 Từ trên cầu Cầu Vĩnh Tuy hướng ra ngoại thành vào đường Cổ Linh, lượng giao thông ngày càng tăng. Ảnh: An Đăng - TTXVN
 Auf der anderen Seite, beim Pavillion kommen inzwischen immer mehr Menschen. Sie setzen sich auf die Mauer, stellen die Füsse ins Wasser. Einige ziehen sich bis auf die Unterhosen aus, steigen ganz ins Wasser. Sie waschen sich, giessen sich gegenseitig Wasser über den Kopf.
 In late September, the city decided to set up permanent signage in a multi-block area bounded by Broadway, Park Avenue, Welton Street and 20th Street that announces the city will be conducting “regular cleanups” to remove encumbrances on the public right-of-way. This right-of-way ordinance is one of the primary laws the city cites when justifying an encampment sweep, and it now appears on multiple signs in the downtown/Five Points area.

--

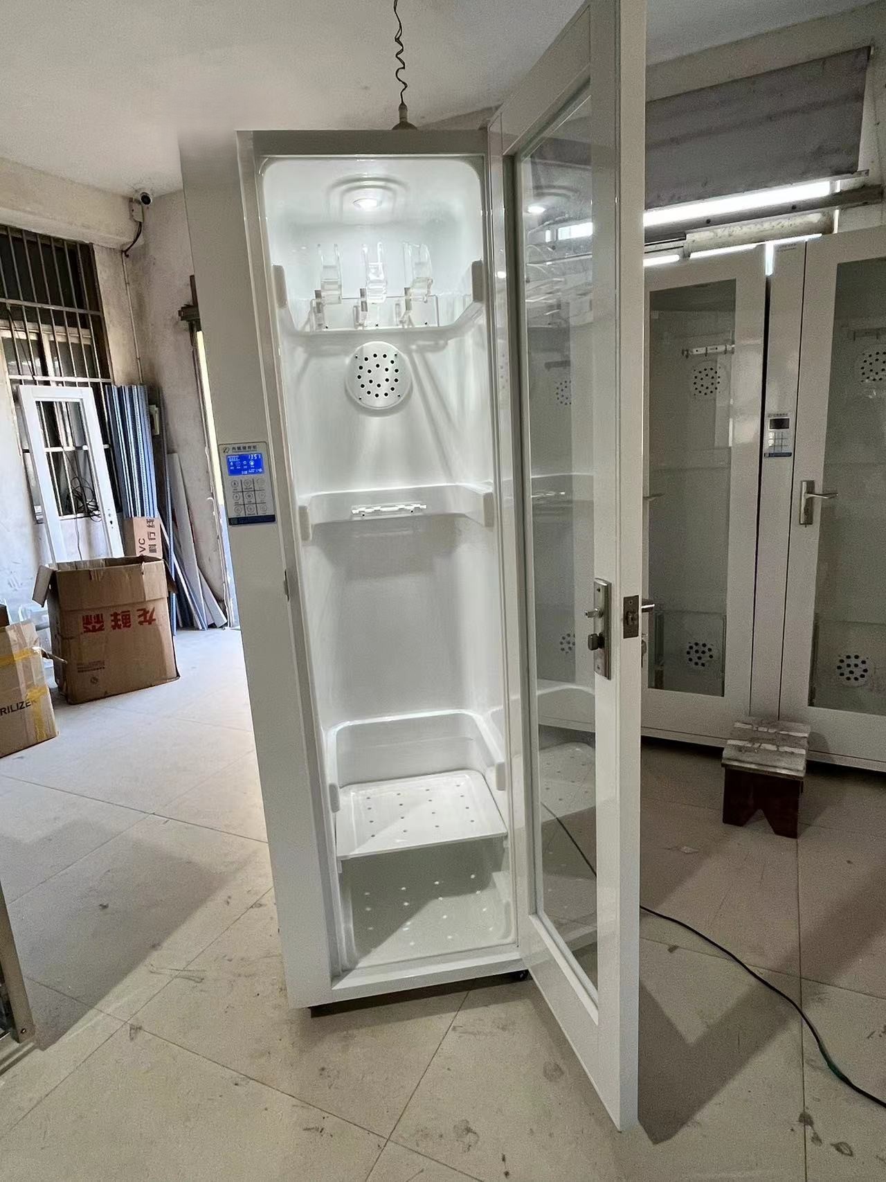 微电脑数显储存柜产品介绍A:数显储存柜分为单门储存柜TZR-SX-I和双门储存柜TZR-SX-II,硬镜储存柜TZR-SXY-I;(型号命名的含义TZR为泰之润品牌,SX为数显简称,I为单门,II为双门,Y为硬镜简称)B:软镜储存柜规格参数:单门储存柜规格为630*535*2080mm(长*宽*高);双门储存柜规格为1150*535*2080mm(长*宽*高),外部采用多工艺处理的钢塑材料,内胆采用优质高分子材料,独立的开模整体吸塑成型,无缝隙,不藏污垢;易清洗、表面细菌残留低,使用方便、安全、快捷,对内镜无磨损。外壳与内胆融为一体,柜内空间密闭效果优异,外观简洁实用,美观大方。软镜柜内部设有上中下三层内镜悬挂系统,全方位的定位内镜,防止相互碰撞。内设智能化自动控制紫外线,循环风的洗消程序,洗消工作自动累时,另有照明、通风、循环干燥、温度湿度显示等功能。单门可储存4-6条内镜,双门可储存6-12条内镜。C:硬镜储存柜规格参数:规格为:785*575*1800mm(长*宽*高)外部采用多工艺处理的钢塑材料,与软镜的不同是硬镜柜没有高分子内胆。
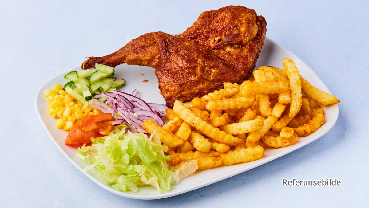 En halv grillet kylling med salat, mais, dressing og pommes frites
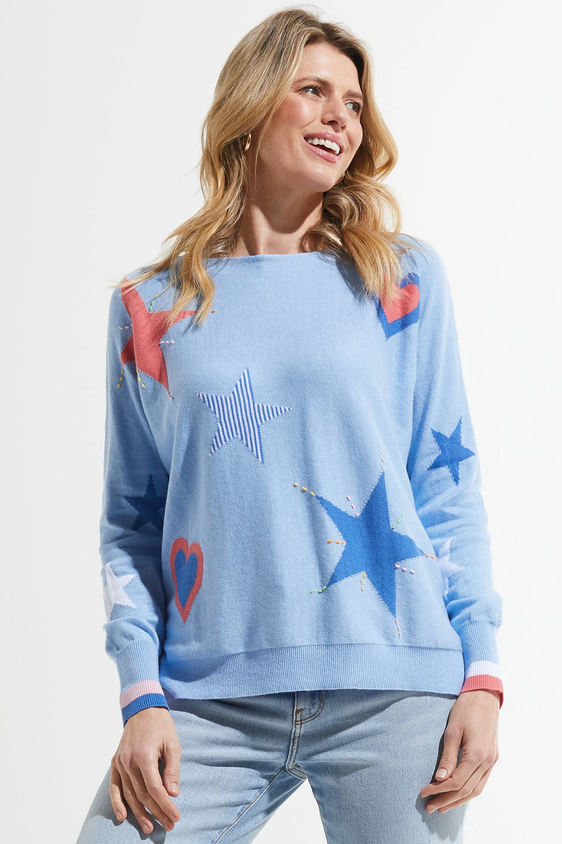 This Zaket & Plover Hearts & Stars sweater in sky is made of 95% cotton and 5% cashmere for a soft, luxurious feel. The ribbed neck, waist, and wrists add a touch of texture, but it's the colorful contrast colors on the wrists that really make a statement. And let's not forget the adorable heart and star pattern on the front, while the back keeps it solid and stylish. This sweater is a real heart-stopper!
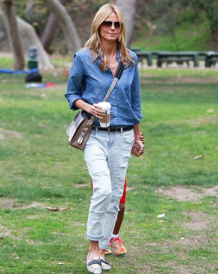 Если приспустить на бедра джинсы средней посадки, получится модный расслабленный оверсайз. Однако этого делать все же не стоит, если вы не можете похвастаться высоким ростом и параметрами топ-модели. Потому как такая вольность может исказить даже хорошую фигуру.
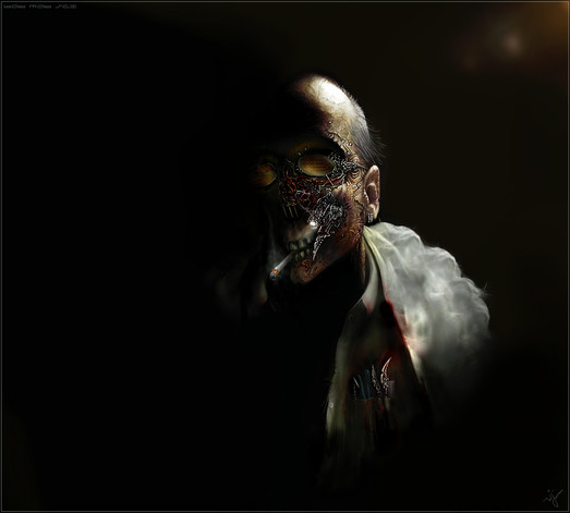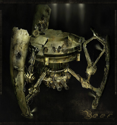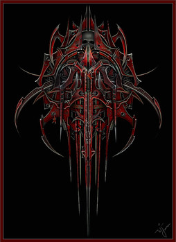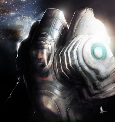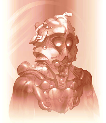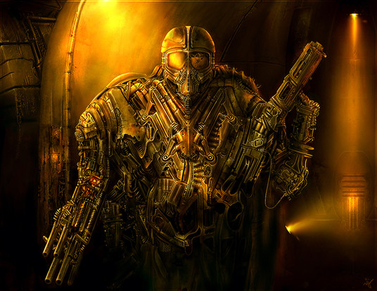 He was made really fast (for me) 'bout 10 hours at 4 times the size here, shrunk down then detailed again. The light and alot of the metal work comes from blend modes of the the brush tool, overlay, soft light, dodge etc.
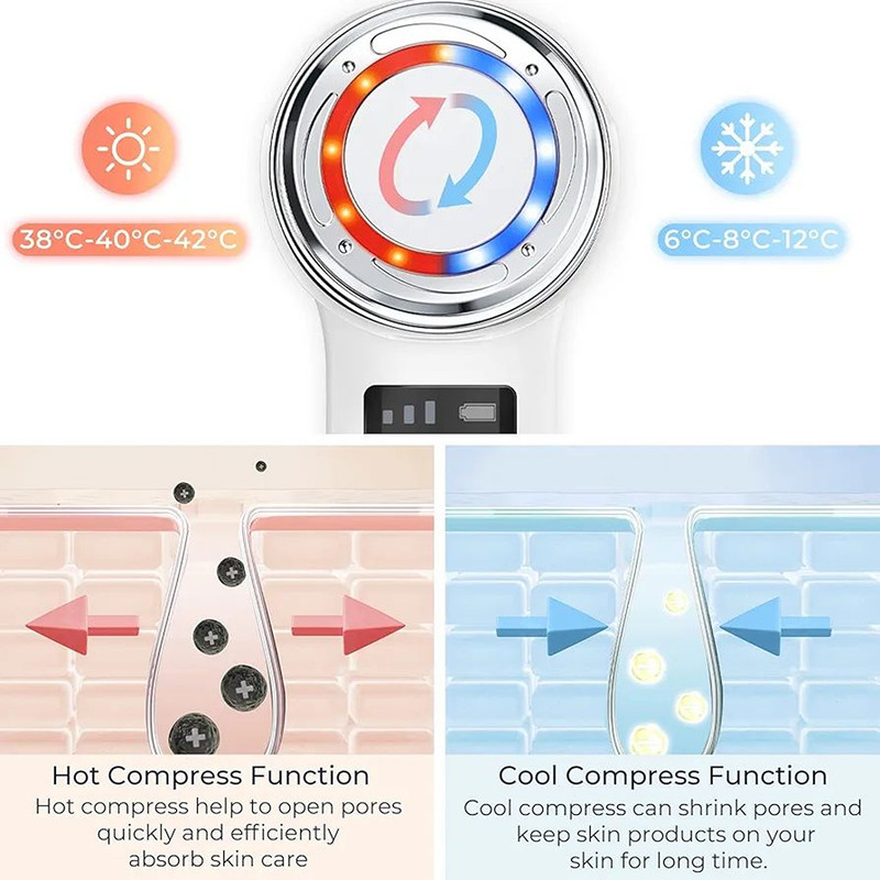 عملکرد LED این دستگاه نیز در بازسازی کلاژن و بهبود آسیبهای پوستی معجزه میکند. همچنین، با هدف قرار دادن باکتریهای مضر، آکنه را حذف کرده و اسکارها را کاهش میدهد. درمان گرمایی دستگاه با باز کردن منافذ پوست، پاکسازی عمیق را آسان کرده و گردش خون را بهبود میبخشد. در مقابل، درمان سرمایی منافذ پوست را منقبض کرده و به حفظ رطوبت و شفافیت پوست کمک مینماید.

==

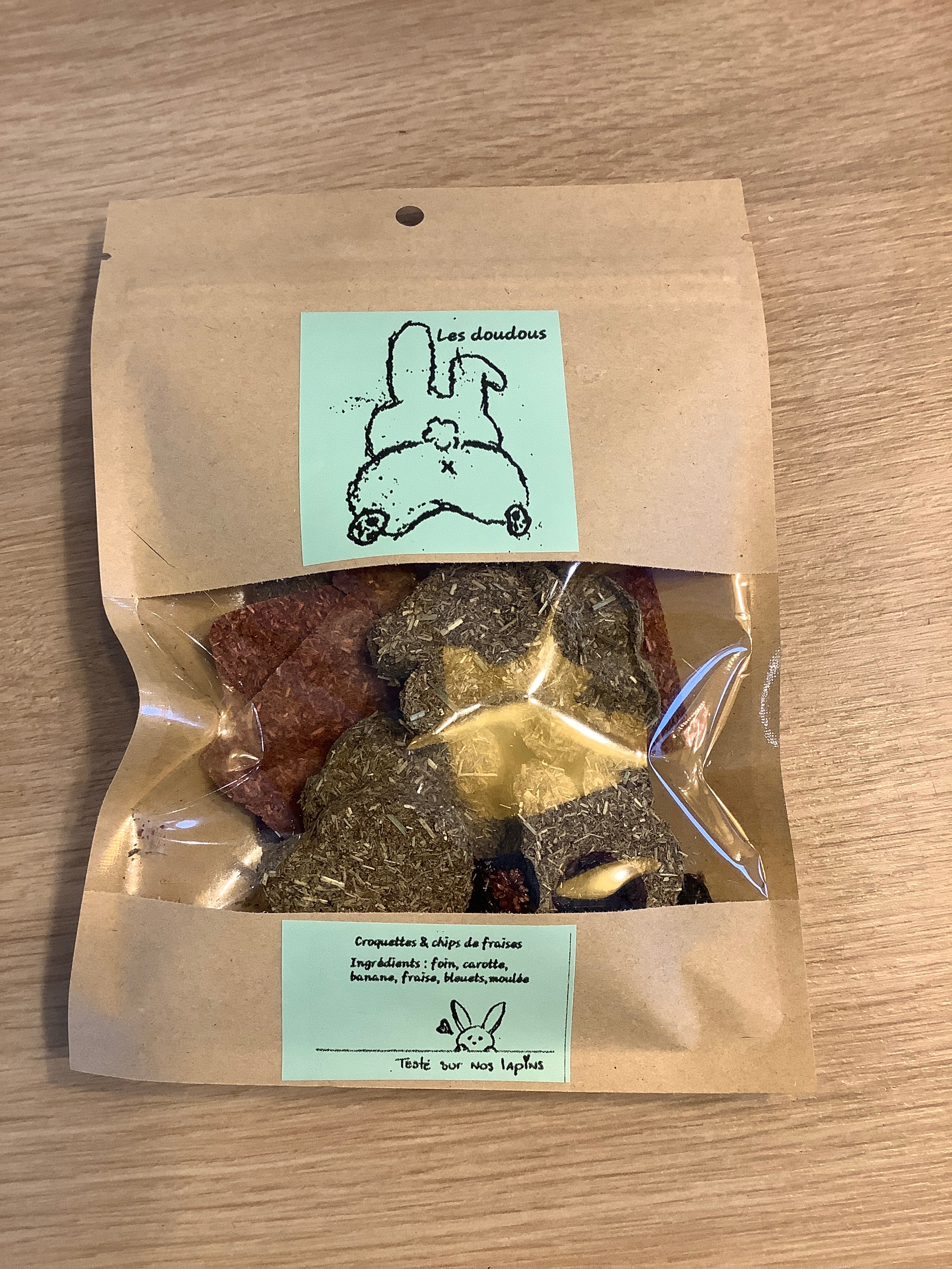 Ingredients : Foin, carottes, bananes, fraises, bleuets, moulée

## What you should do
Look above for the line with "This Zaket &" and the line with "He was made". Output those two and everything between them exactly, pictures excluded.

## The completed task
 This Zaket & Plover Hearts & Stars sweater in sky is made of 95% cotton and 5% cashmere for a soft, luxurious feel. The ribbed neck, waist, and wrists add a touch of texture, but it's the colorful contrast colors on the wrists that really make a statement. And let's not forget the adorable heart and star pattern on the front, while the back keeps it solid and stylish. This sweater is a real heart-stopper!
 Если приспустить на бедра джинсы средней посадки, получится модный расслабленный оверсайз. Однако этого делать все же не стоит, если вы не можете похвастаться высоким ростом и параметрами топ-модели. Потому как такая вольность может исказить даже хорошую фигуру.
 He was made really fast (for me) 'bout 10 hours at 4 times the size here, shrunk down then detailed again. The light and alot of the metal work comes from blend modes of the the brush tool, overlay, soft light, dodge etc.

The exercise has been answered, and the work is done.